Wer MAX nutzen möchte, muss sich entweder mit einer russischen oder einer belarussischen SIM-Karte registrieren. Seit Anfang des Jahres werden neue russische SIM-Karten an Ausländer nur gegen die Preisgabe biometrischer Daten vergeben - Foto und Stimmprobe. MAX soll auf allen neuen Smartphones und Tablets, die in Russland ab September verkauft werden, vorinstalliert sein.

Läuft die Zeit für Telegram ab?

Das Interface der App erinnert stark an Telegram - einer der beliebtesten Messenger-Dienste in Russland. Noch haben Telegram-Nutzer die Möglichkeit, regierungskritische Kanäle zu abonnieren. Denn nicht nur Kreml-nahe Propagandisten, sondern auch Oppositionelle und russische Exil-Medien nutzen den Messenger. Experten gehen davon aus, dass es nur eine Frage der Zeit ist, bis Telegram verboten wird und MAX an seine Stelle tritt.

Auch soll die App mit staatlichen Behörden verbunden sein - für digitale Behördengänge wie es heißt. Und MAX soll auch Bankgeschäfte erleichtern. Die BETA-Version enthält jetzt schon Finanztools ausgewählter Banken.
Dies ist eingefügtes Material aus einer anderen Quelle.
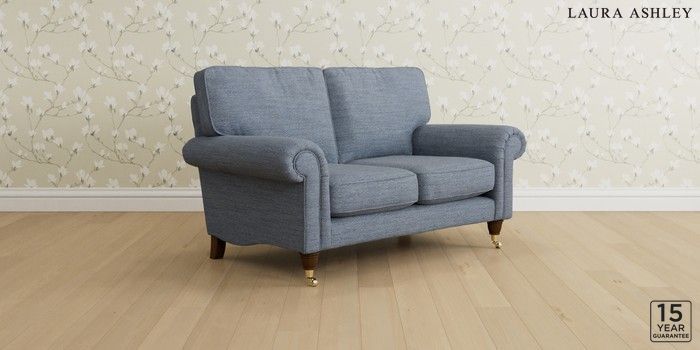 6.12.1 Buy Kingston by Laura Ashley 2 Seater Small Sofa Harley Seaspray Blue Low Brass Castor - Teak from the Next UK online shop Click here to use our accessible website
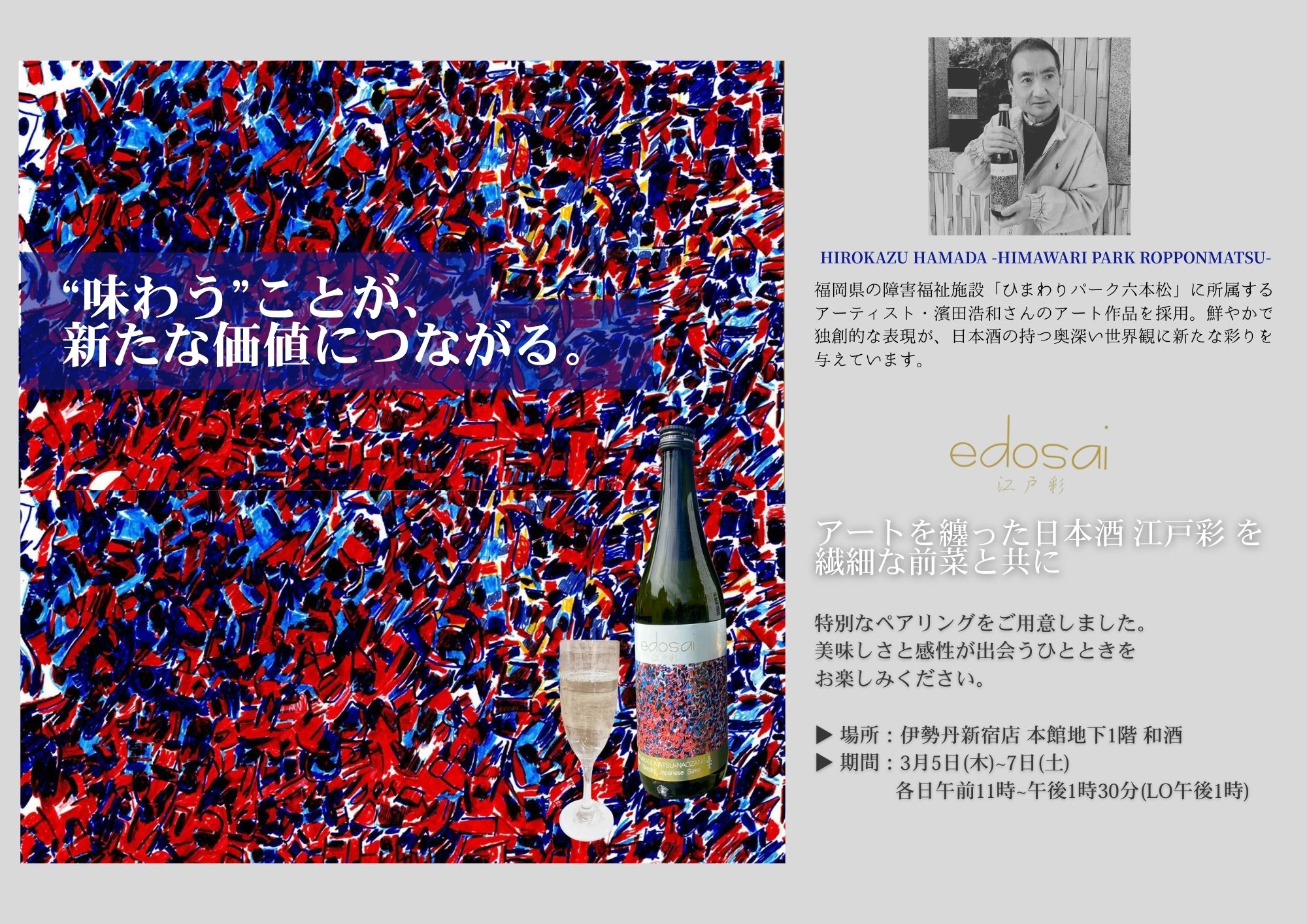 伊勢丹新宿店 本館地下1階 和酒のイセタンクラフトビアバーにて、障害のあるアーティストの作品をラベルデザインに採用した日本酒「江戸彩(edosai)」を、期間限定で提供いたします。
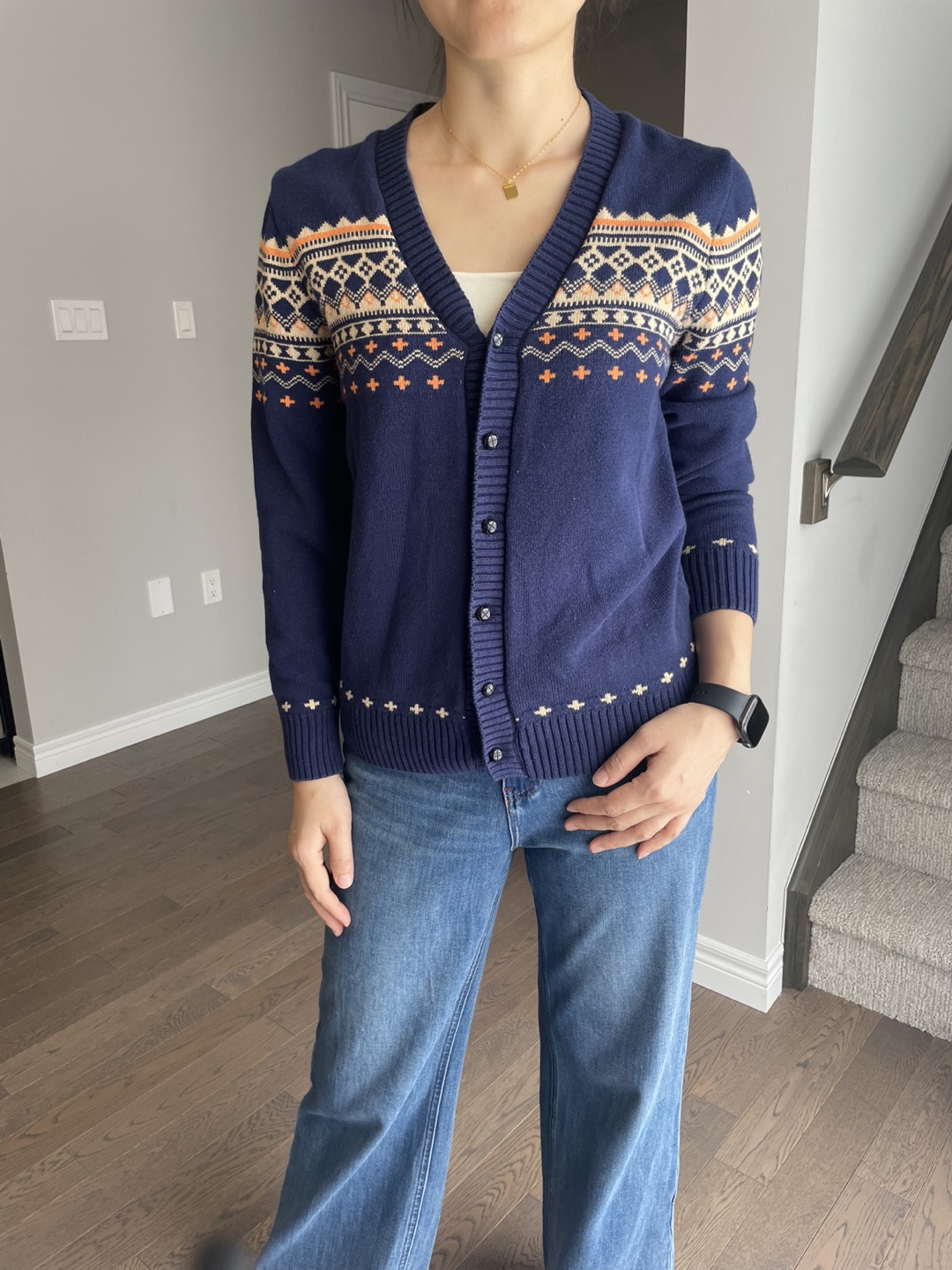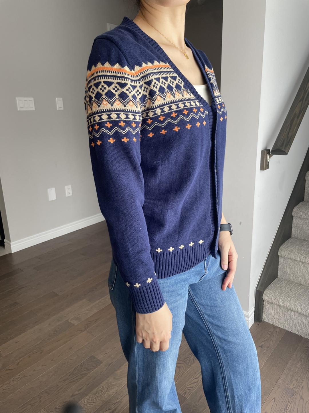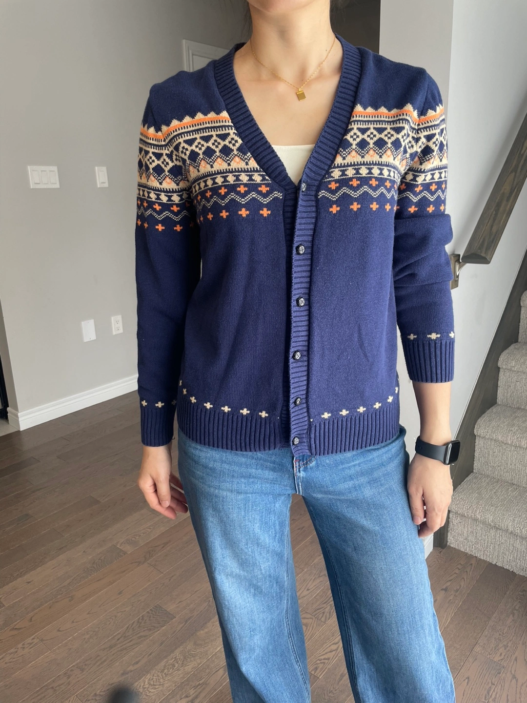 A lovely navy cardigan with a fair isle pattern! It's in great condition and perfect for layering on chilly days Pick up at ancaster Hamilton !

"Ein personalisierter Spitzel"

Für IT-Experten Klimarew ist MAX allerdings nichts weiter als der verlängerte Arm der Regierung. "Es ist buchstäblich ein Spitzel, ein personalisierter Spitzel, der sagt, wo du gewesen bist." Denn die App werde nicht nur in der Lage sein, private Nachrichten mitzulesen und Einsicht auf alle Kontakte und Fotos zu haben, sondern ihr werde es auch möglich sein, den Nutzer auf Schritt und Tritt zu lokalisieren.

"Tatsächlich überwacht das Telefon dies ständig und zeichnet auf die Minute genau auf, kann auf zehn Meter genau bestimmen, wo man gerade war", sagt der Experte. "Das wird alles aufgezeichnet und bei Bedarf übermittelt.

MAX wird wohl in erster Linie der russischen Regierung die maximale Möglichkeit geben, über das Leben ihrer Bürger zu wachen. Und in zweiter Linie wird es dem finanziell gebeuteltem Unternehmen VK Geld in die Kassen spülen.